Information START

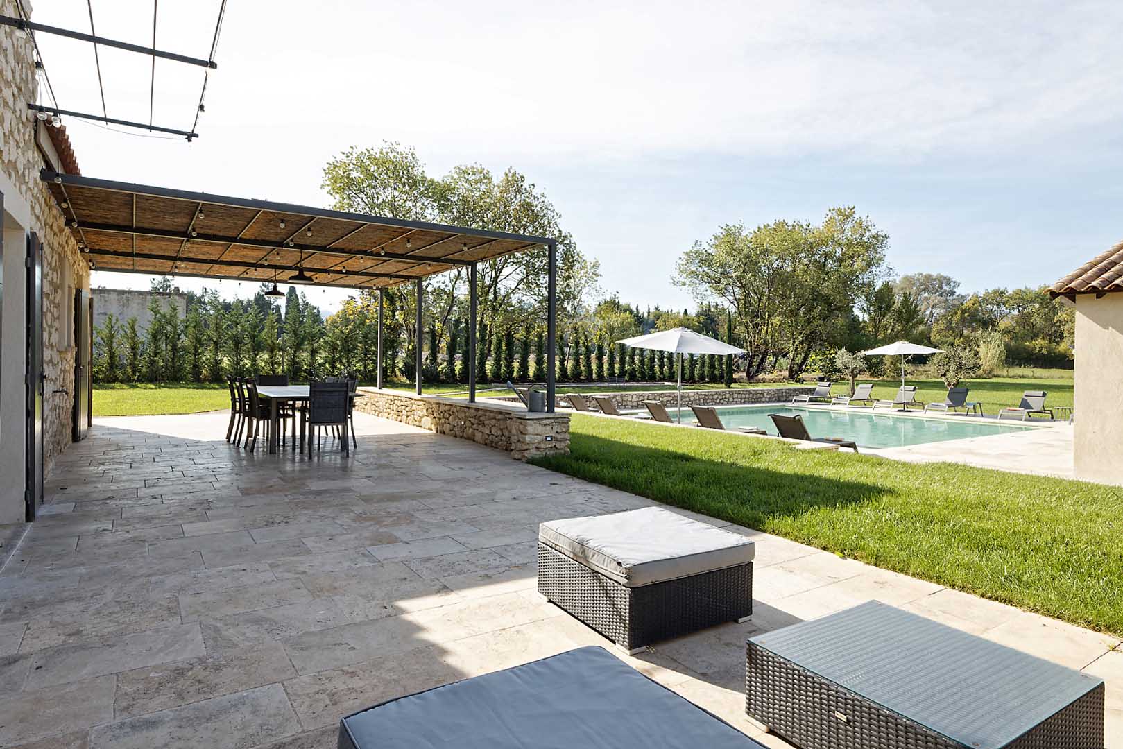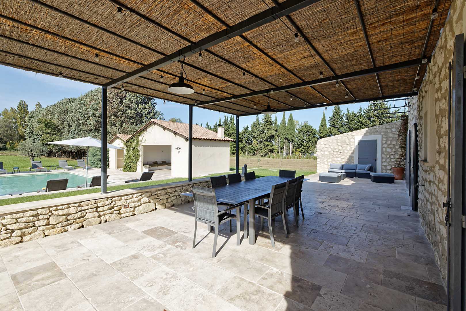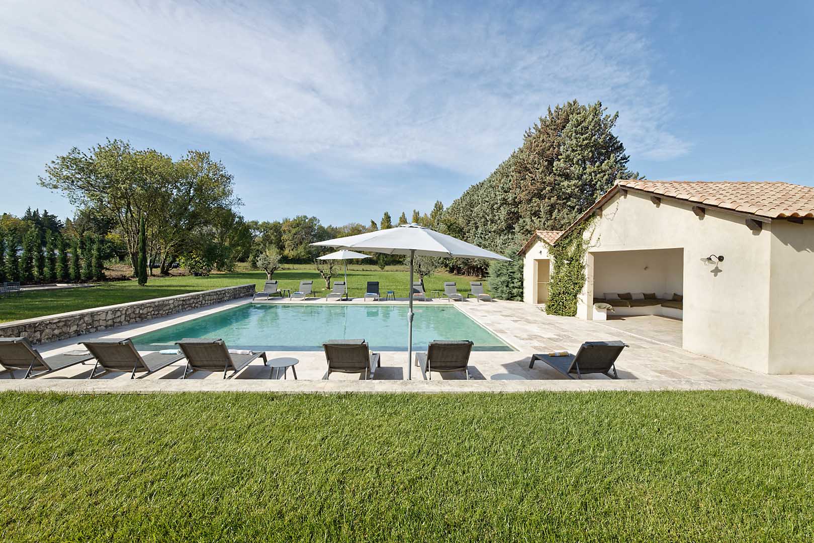 Cette grande maison est parfaite pour séjourner en toute quiétude. L’extérieur du mas est très bien aménagé : la pergola de 75m2 apporte de l’ombre au dessus de l’espace des repas dont la vue donne sur la piscine. Plus loin, vous profiterez d’un pool house de 45 m2 avec un îlot central qui rendra conviviaux les moments après la baignade.
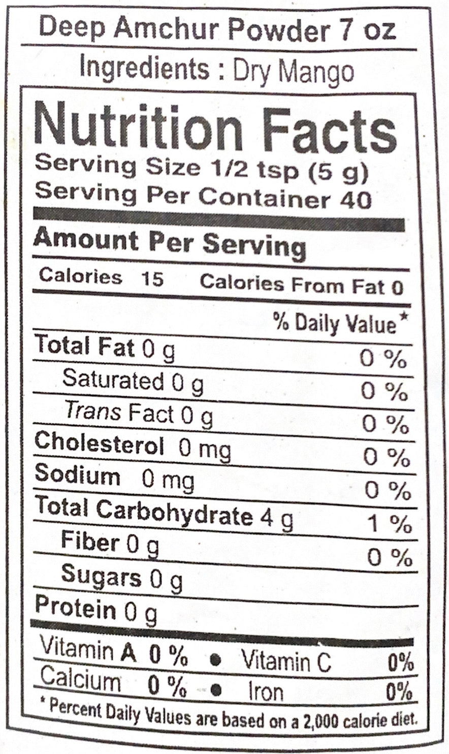 Deep Amchur Powder is a fruity spice powder made from dried unripe green mangoes and is used as a citrusy seasoning. It is used to flavor foods and add the nutritional benefits of mangoes when the fresh fruit is out of season. It is used in stir fried vegetable dishes, soups, curries, and to tenderize meat and poultry.
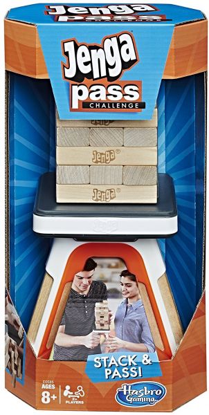 Take gameplay 'off the table' with the Jenga Pass Challenge game. Stack Jenga wooden blocks on the platform to build the tower. Players then take turns removing one block at a time while holding one of the platform handles. After each player takes a turn, they pass the tower to their opponent. Be the last player to successfully stack a block and pass the platform without causing the tower to crash to win.
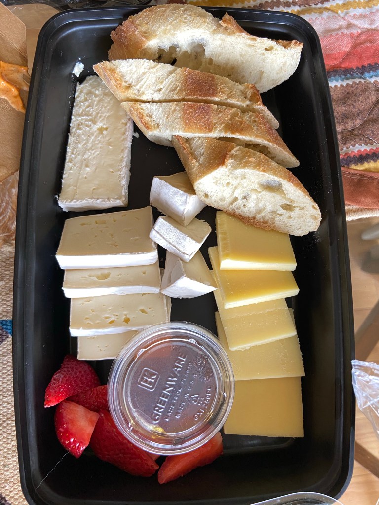 The Cheese Plate is large with several types of cheeses, bread, and Colorado honey. A great presentation even if it’s in a box to go.
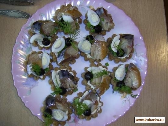 В 1 ст.л. майонеза добавляем 0,5 ч.л. сливочного хрена, пару капель лимонного сока и 0,5 ч.л. тертого яблока. На дно корзиночки кладем соус, посыпаем зеленым луком, укладываем кусочек селедки (у меня была скумбрия). Украшаем ломтиком перепелиного яйца, маслинами, зеленью.

Information END

▶ **What is expected**: Which part of the entries opens with the line containing "Take gameplay 'off" and closes with the line containing "The Cheese Plate"? Output that part exactly, ends included, pictures excluded.

▶ **Exercise response**:
 Take gameplay 'off the table' with the Jenga Pass Challenge game. Stack Jenga wooden blocks on the platform to build the tower. Players then take turns removing one block at a time while holding one of the platform handles. After each player takes a turn, they pass the tower to their opponent. Be the last player to successfully stack a block and pass the platform without causing the tower to crash to win.
 The Cheese Plate is large with several types of cheeses, bread, and Colorado honey. A great presentation even if it’s in a box to go.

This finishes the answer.